Сын притворялся, будто слыхом не слыхивал про светскую игру, хотя это как раз и входит в ее правила. Уж я‑то знаю: гораздо легче быть тем, что ты есть, и заниматься тем, чем занимаешься, если сделаешь вид, что не имеешь отношения к тому, что ты есть и чем занимаешься.
– Итак, Жан-Пьер, все, можно считать, решено.
– С Кляйндинстом?
– Предложение вполне достойное.
– Ты хочешь сказать, единственное.
Он изящно держал свою рюмку и помешивал в ней коктейль. Пальцы тонкие, длинные, словно созданные, чтобы шелестеть подшивками бумаг и поднимать бокалы за красиво сервированными столами. А у меня еще лапы из прошлого – корявые, грубые, узловатые, приспособленные к топору и плугу.

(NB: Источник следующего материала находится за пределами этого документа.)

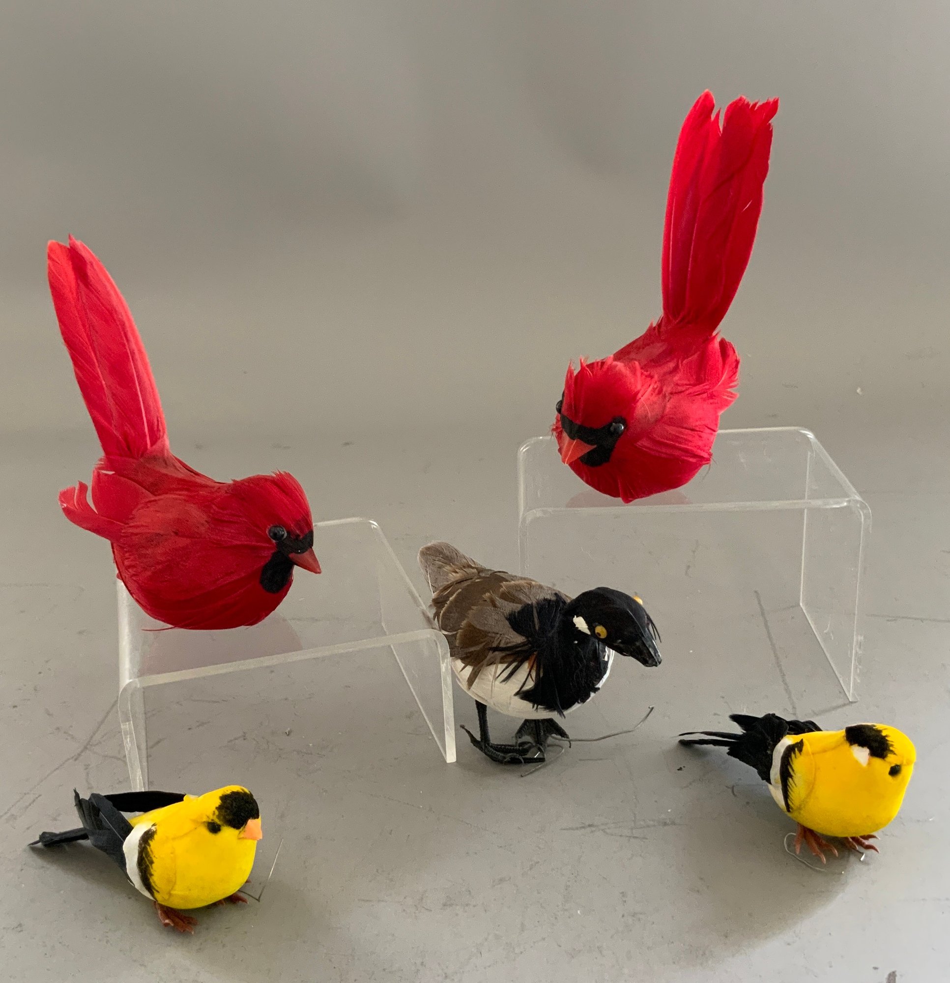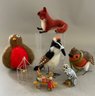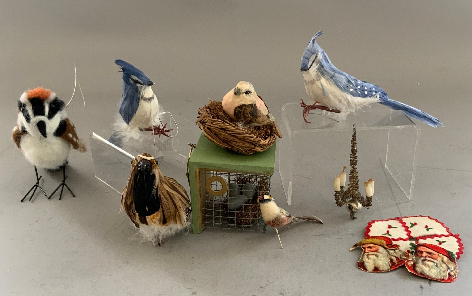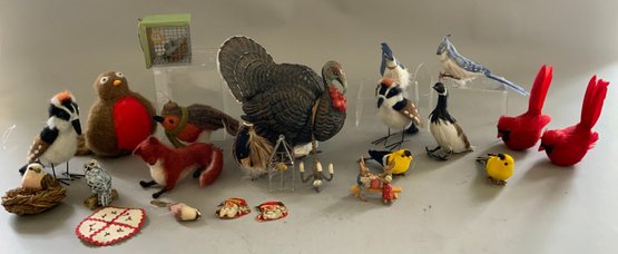 Lot of assorted birds, nests, animals, 8” paper mache turkey candy container, wool bird Christmas ornaments, felt birds, convention robin, etc.

– Я все обдумал. Дело не в каких‑то моих частных соображениях, как считает мой брат – он тебе, наверно, говорил, – не в моих обстоятельствах и вообще не во мне. Хотя, не спорю, мне хотелось бы иметь больше времени на… личную жизнь.
– Это вполне понятно.
– Но я смотрю правде в глаза: мы в безвыходном положении. Фуркад[7] делает ставку на крупный капитал, то есть поощряет концентрацию предприятий, развитие промышленных гигантов, чтобы выдержать конкуренцию в мировых масштабах. Тем самым, вольно или невольно, он готовит почву для национализации: когда могущество немногих станет чрезмерным, поборники справедливости потребуют передать собственность народу. Знаешь анекдот? Едет американец на “кадиллаке”, обгоняет другого американца, и тот думает: “Когда‑нибудь у меня тоже будет «кадиллак»”. А когда француза обгоняет другой француз на роскошной тачке, он думает: “Ишь, мерзавец, – нет чтобы ездить, как все люди, на «ситроене»!” Да, в последние пять лет наш объем продаж ежегодно увеличивался на двадцать процентов, но для этого понадобилось обновить оборудование, и тут мы попали в полную зависимость от банков. Ты все это знаешь лучше меня. Я не гигант и не могу пугать правительство тридцатью тысячами безработных. Мы обречены. Можно, конечно, тянуть, бодриться, делать вид, что все хорошо… допустим, еще год, ну полтора. Но я предпочитаю уйти с поля боя, не дожидаясь, пока меня укокошат и вытащат за ноги. Надо смириться с неизбежным.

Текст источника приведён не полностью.